Defendant relies heavily on a different section of the APA:
"A rule may be amended or rescinded by another rule which constitutes the whole or a part of a filing of rules or as a result of an act of the legislature." MCL 24.231(5); MSA 3.560(131)(5).
According to defendant, the Legislature's adoption of a broadened definition of "drug" in § 23 manifested an intention to amend or supersede existing rules defining that term. I disagree.
This Court has clearly held that if a statute is intended to amend a previously promulgated rule, it must do so explicitly. See Henderson v Memphis Community School Dist, 57 Mich. App. 770, 775; 226 N.W.2d 725 (1975). In my opinion, the existing rules governing the use of medications (and defining the term "drug") continue in effect until expressly amended or rescinded, either by statute or subsequent regulation. MCL 24.231(2); MSA 3.560(131)(2).

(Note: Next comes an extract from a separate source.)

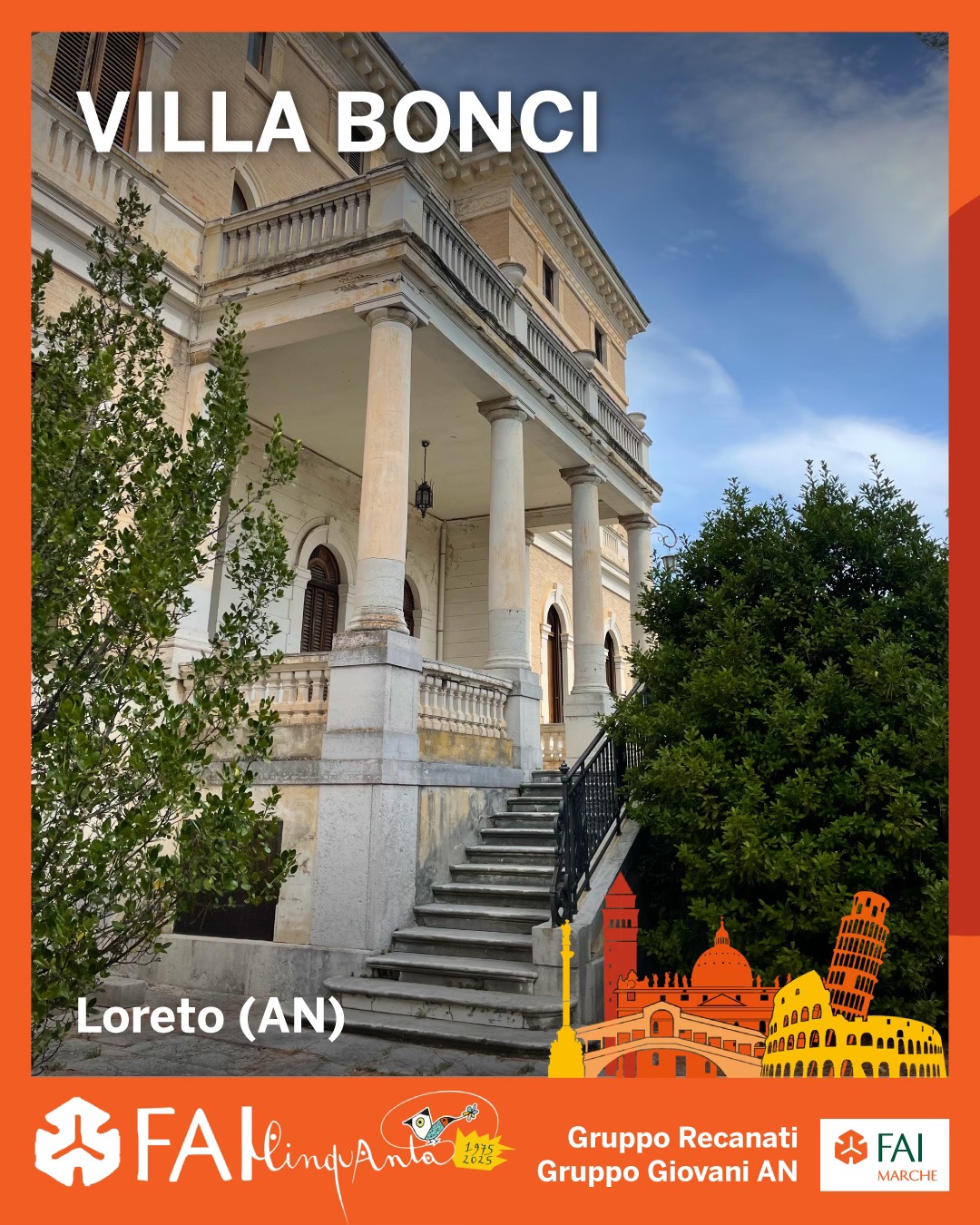 Tra le aperture nelle Marche, a Loreto da segnalare Villa Bonci – Complesso Aeronautica Militare. Luogo normalmente non visitabile, all’interno della base dell’Aeronautica Militare e ssede del Centro di Formazione Aviation English. Si potranno ammirare le bellezze architettoniche della villa, le stanze affrescate al primo piano e una mostra fotografica dell’ONFA (Opera Nazionale per i figli degli aviatori).

I find it difficult to believe that the Legislature intended the result which follows from the majority's decision to read § 23 as having superseded pre-existing regulations. Under the majority's reading of the section, the use of all substances "other than food" which could "affect * * * any function of * * *" a horse (including medications whose acceptability has long been established) was abruptly prohibited, as of the effective date of the statute. The status of such non-narcotic substances as those involved in the present appeal has been thrown completely into limbo, until such time that defendant sees fit to promulgate detailed new rules governing the use of all conceivable substances which could fall within the foregoing broad definition of "drug".
Under the majority's interpretation of the new section, this state's racing industry is faced with a whole new array of uncertainties: not only the question of which substances will be rendered permissible under newly promulgated rules, but the more fundamental question of whether (let alone when) defendant may see fit to promulgate new rules.
The horse racing industry now faces a potential for arbitrary and capricious administration of discipline for "violations" of the amended section. This follows from the fact that if existing regulations have been superseded without having been re-promulgated, there are no standards to guide defendant in determining (1) which substances constitute impermissible "drugs", and (2) which penalties are appropriate for each substance.
I believe that the amended section should be read as an effort to affirm defendant's jurisdiction to regulate the use of substances which are not stimulants or depressants, but which could nonetheless have some effect on the structure or bodily functions of race horses. The amendment served to eliminate any doubt that the Legislature intended to confer upon defendant the authority to regulate such non-narcotic substances, should defendant see fit to do so, by means of supplementary regulations. The Legislature thereby made it clear that it had delegated additional regulatory authority; it did not manifest any intention to exercise that authority directly, by means of any statutory amendment of pre-existing rules.
Absent some express statement indicating an intention to amend or rescind defendant's existing rules, I find no basis for any conclusion that those rules have been impaired by passage of the amended section. Henderson, supra. I would hold that the rules previously promulgated by defendant remain in force, and I would issue an order reversing the trial court's decision and directing defendant to apply those rules in determining whether plaintiffs acted properly in administering the substances in question to their respective horses.